Bu nedenle, Şaraa'nın güvenceleri ve verdiği mesajlar, İsrail’i planlarını değiştirmeye ikna etmek için yeterli görünmüyor. Tel Aviv, mevcut fırsatı değerlendirerek, uzun süredir hedeflediği parçalama planlarını hayata geçirmeye devam edecek.

Öte yandan, İsrail’in nihai hedefi, Suriye’de İsrail karşıtı olmayan ve tehditleri ortadan kaldırabilecek bir rejimin oluşmasıdır. Bu rejim, İsrail ile doğrudan normalleşme sürecine girsin ya da girmesin, Tel Aviv’in güvenlik kaygılarını giderebilecek bir yapıya sahip olmalıdır.

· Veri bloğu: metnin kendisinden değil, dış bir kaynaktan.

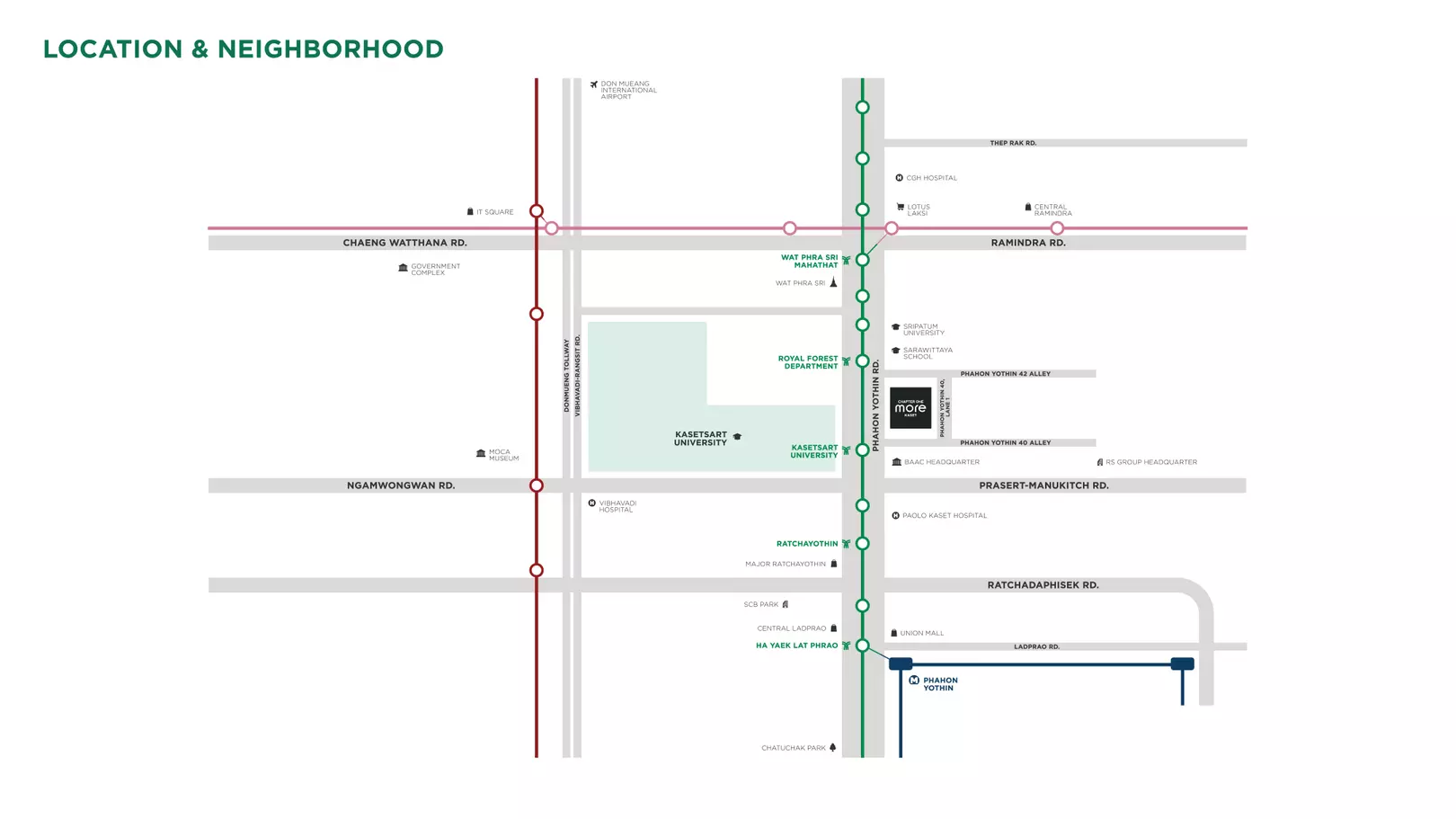 แต่หากอยากไปห้างใหญ่ๆก็จะมี Major Cineplex รัชโยธิน, The Mall Lifestore งามวงศ์วาน, Union Mall, Lotus’s ลาดพร้าว และ Central ลาดพร้าว ให้เรามาเดินเล่นช้อปปิ้งกันได้ง่ายๆ นอกจากนั้นหาก Central พหลโยธิน ที่ตั้งอยู่บนที่ดินกว่า 49 ไร่ คาดเปิด Q4/2569 ทำให้เมื่อเปิดบริการแล้ว ก็จะช่วยเพิ่มความคึกคักบนทำเลมากยิ่งขึ้น ส่วนโรงพยาบาลและสำนักงานขนาดใหญ่ก็มีหลายแห่งด้วยค่ะ เช่น โรงพยาบาลเปาโล เกษตร , โรงพยาบาลวิภาวดี , ปตท. สำนักงานใหญ่ , SCB Park , การไฟฟ้าส่วนภูมิภาค สำนักงานใหญ่ เป็นต้น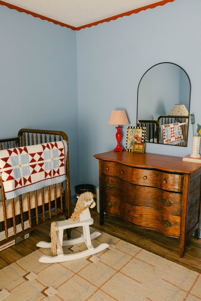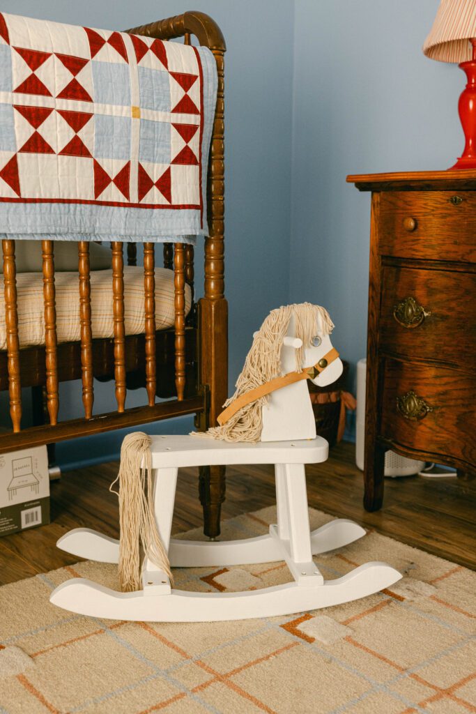 Darian Esser, a new mom and brand photographer for Queen of Sparkles, has also experienced that familiar tug of desire and disappointment. Instead of feeling discouraged or impulsively spending a fortune, Esser uses her thrifting and upcycling skills to recreate the piece herself. And all that creative work became a beautiful labor of love for her daughter Isla’s nursery.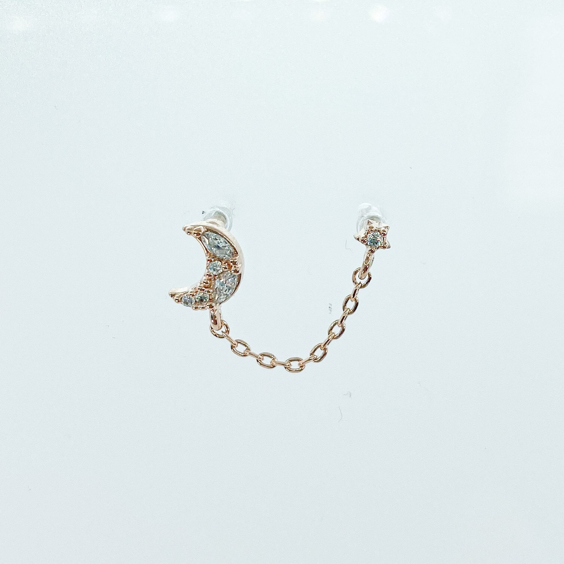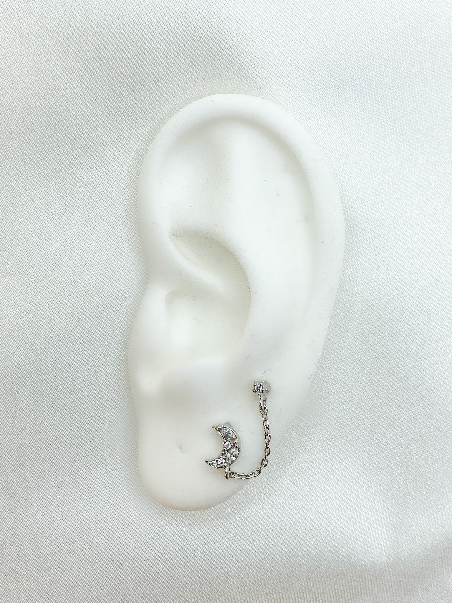 Dainty cz Crescent moon and star double piercing earrings, earrings, 16 gauge piercings, star earrings, two lobe piercing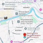Başçarşı 10 dakikalık yürüme mesafesindedir. Asim Ferhatović Hase Stadyumu ise 15 dakikalık sürüş mesafesindedir. Huremusa'a çok yakın bulunan bu daire, Saraybosna şehrinin merkezinden 20 dakika yürüme mesafesinde yer almaktadır. Joe Cooker, Bubble Waffle Market yürüyerek 15 dakika mesafede bulunmaktadır. Bu Apartman Hadi dairesi, Saraybosna Belediye Binası'nın yakınındadır.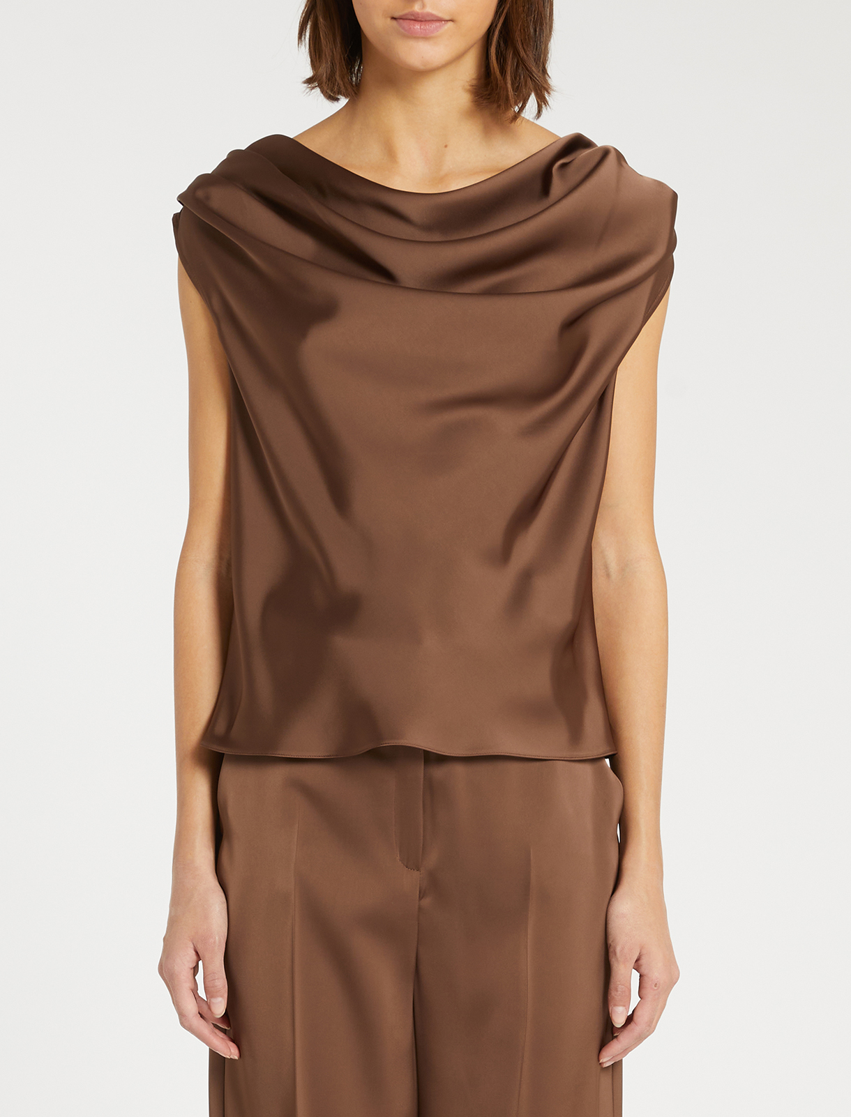 TOP-CANOTTIERA IN RASO FLUIDO DI POLIESTERE CALOTTE 005 TESTA DI MORO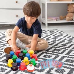 Rýchle usporiadanie čapíc podľa vzoru rozvíja jemnú motoriku u detí.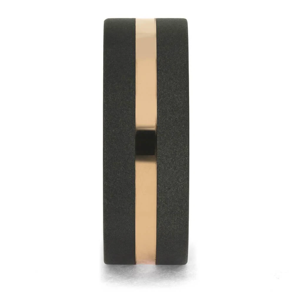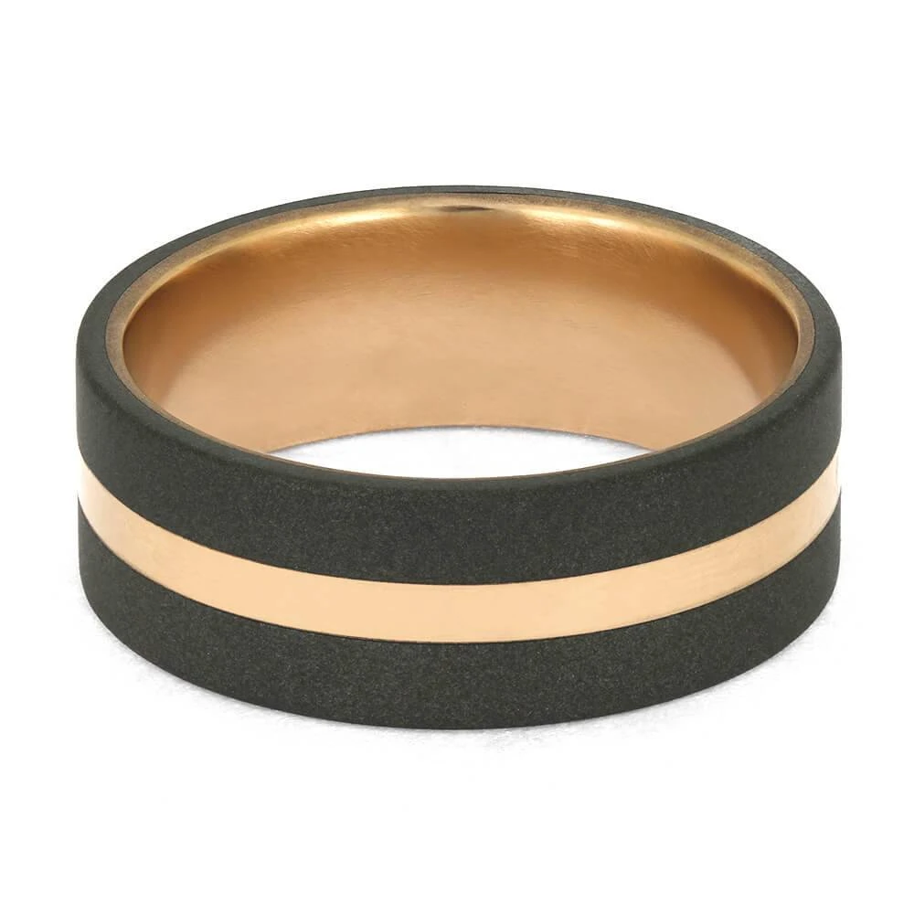 This sandblasted titanium wedding band is designed for the man with a timeless, minimalist aesthetic. Handmade with a polished 14k rose gold pinstripe, it’s the perfect blend of classic yet subtle sophistication. Enjoy a lasting style and commitment to quality with this handcrafted wedding band.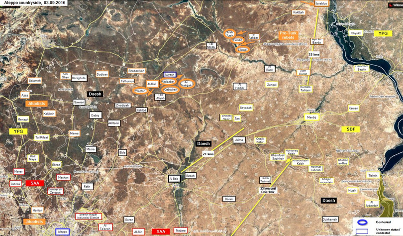 Ahmed Othman, một chỉ huy thuộc nhóm Hồi giáo cực đoan nổi dậy Sultan Murad do Thổ Nhĩ Kỳ hậu thuẫn, tuyên bố với đài AFP ở Beirut rằng tổ chức này đang chiến đấu trên trên hai mặt trận ở al-Rai, mặt trận phía nam và phía đông, tiến tới giải phóng các làng ở phía tây Jarabulus khỏi lực lượng khủng bố IS ".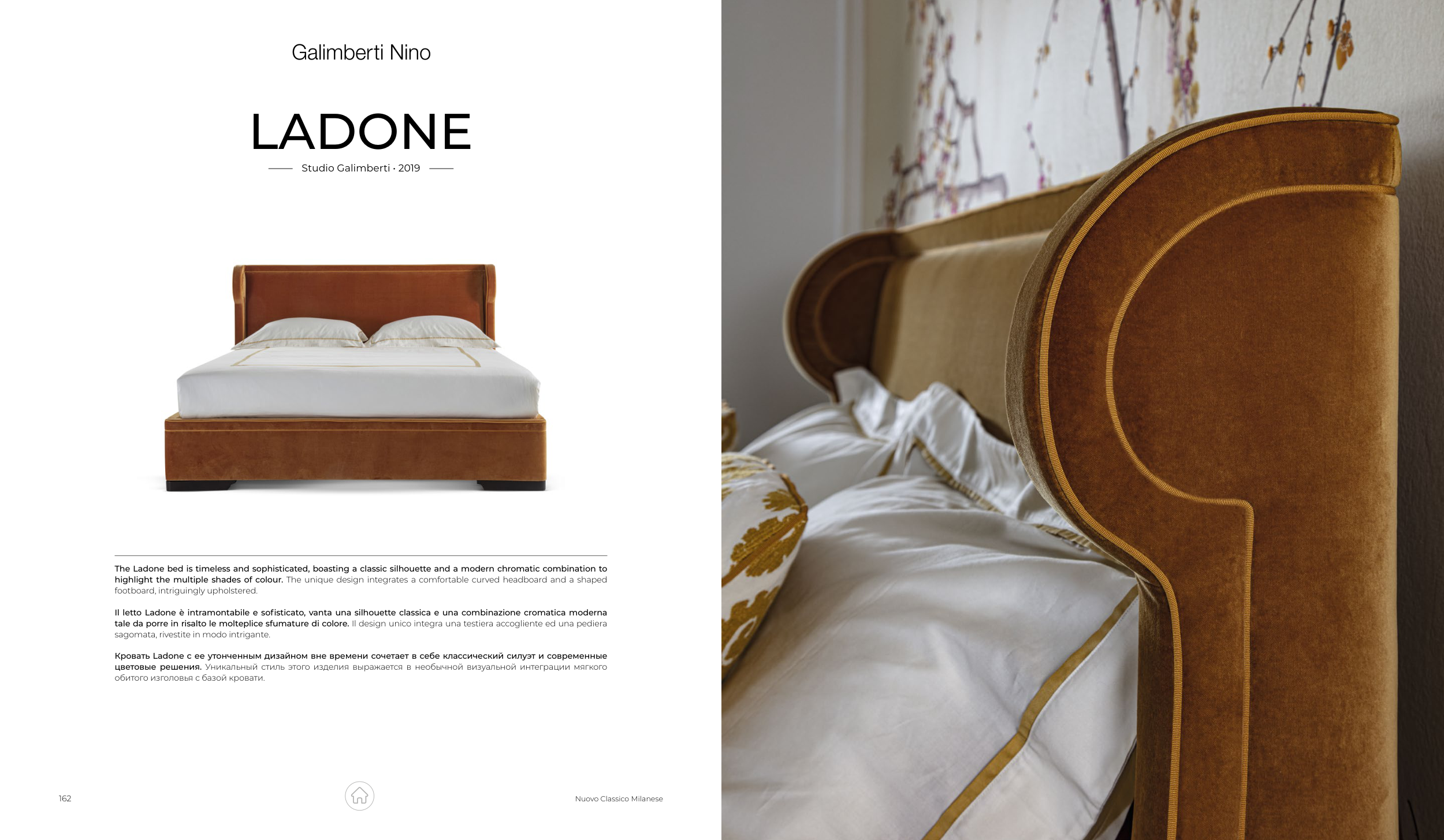 The Ladone bed is timeless and sophisticated, boasting a classic silhouette and a modern chromatic combination to

Bu yaklaşım, İsrail'in geçmişte Suriye'ye yönelik izlediği politikadan farklı bir stratejiye dayanıyor. Daha önce İsrail, Suriye'nin parçalanmasını teşvik ederek belirli bölgeleri doğrudan ya da dolaylı olarak kendi kontrolüne alma yolunda baskı uyguluyordu. Ancak günümüzde, güneyde oluşturduğu fiili kontrol alanıyla, Suriye’nin gelecekteki siyasi şekillenmesini beklemeyi ve buna göre hareket etmeyi tercih ediyor.